Haratischwilis Schreibstil ist stets sensibel und kraftvoll zugleich. Sie schafft es, die Schönheit und den Schmerz ihrer Figuren in Worte zu kleiden, die nachhallen. Ihre Sprache ist sehr bildhaft und rührt zu tiefen Emotionen an. Der künstlerische Elan, mit dem sie sich ihrem Schaffen hingibt, und die tiefe Verbundenheit zu ihren Figuren und ihrer Heimat Georgien, sind ihrem Werk durchweg anzumerken.

Haratischwilis Arbeit lässt sich durch die Intensität und den Detailreichtum auch als Liebeserklärung an Georgien verstehen.
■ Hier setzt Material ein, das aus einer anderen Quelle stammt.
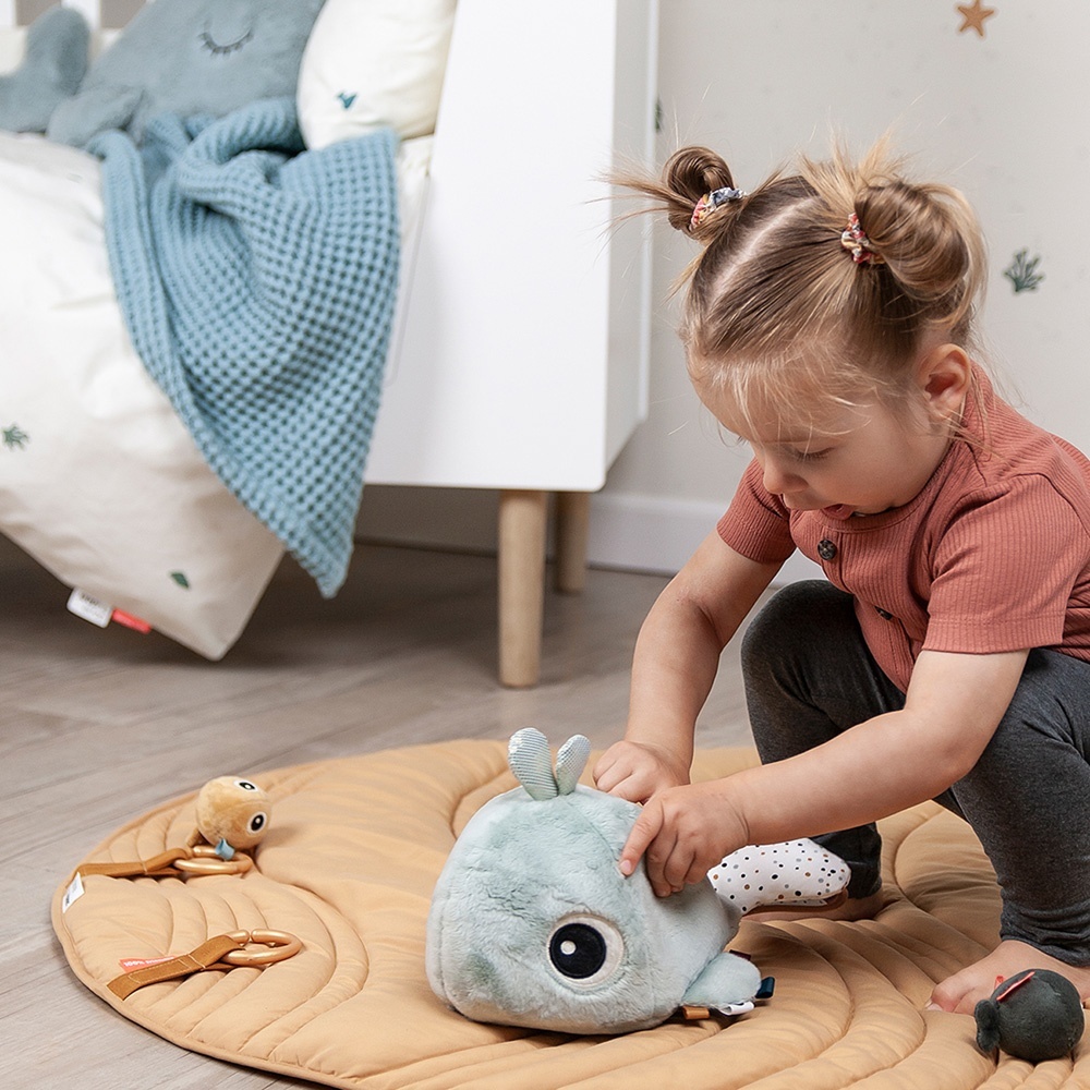 Le Jouet d'éveil wally bleu de chez Done By Deer. Il a été spécialement conçu pour développer les sens de votre enfant tels que la concentration et la coordination oeil-main. Les petits poissons en peluche adorent jouer à cache-cache à l'intérieur de Wally ! Votre enfant va adorer découvrir les différents sons des poissons. Il pourra également admirer son reflet dans le miroir cacher sous la nageoire de la baleine.
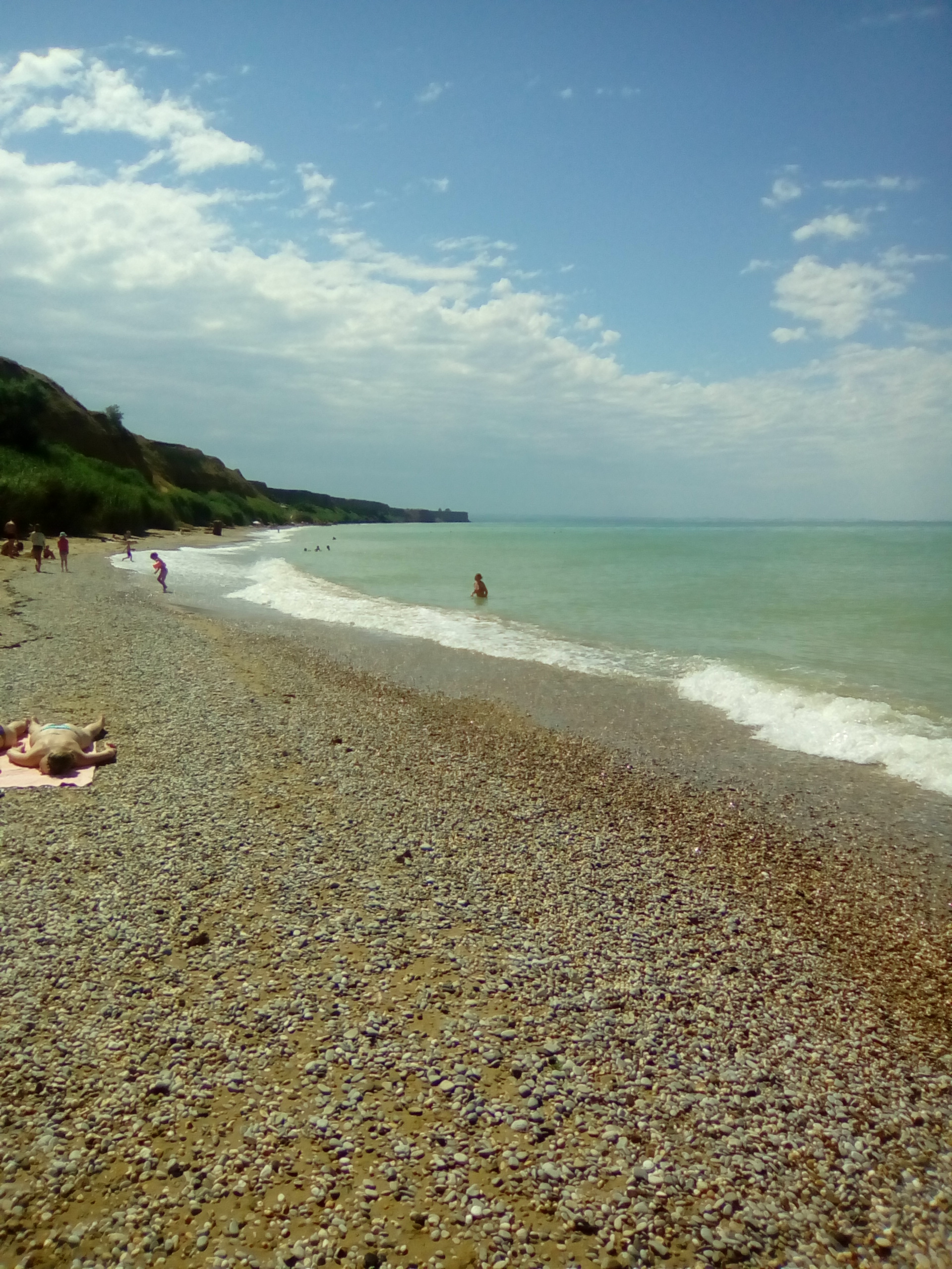 Судя по волне и направлению ветра в Казачке должно быть спокойно. Но там детям не радость, камни крупные, заходить не удобно.

Ein Land, das auch heute noch durch viele Krisen geht und sich immer wieder neu finden muss, aber dennoch eine tiefe kulturelle Geschichte besitzt.

Mit ihrer Arbeit als renommierte Theaterregisseurin wie auch als Autorin schafft und zeigt Haratischwili eindrucksvolle Geschichten, die ihre eigenen Erfahrungen und das kulturelle Erbe ihres Landes auf eindrucksvolle Weise darstellen und die sicher auch über Generationen hinweg überdauern.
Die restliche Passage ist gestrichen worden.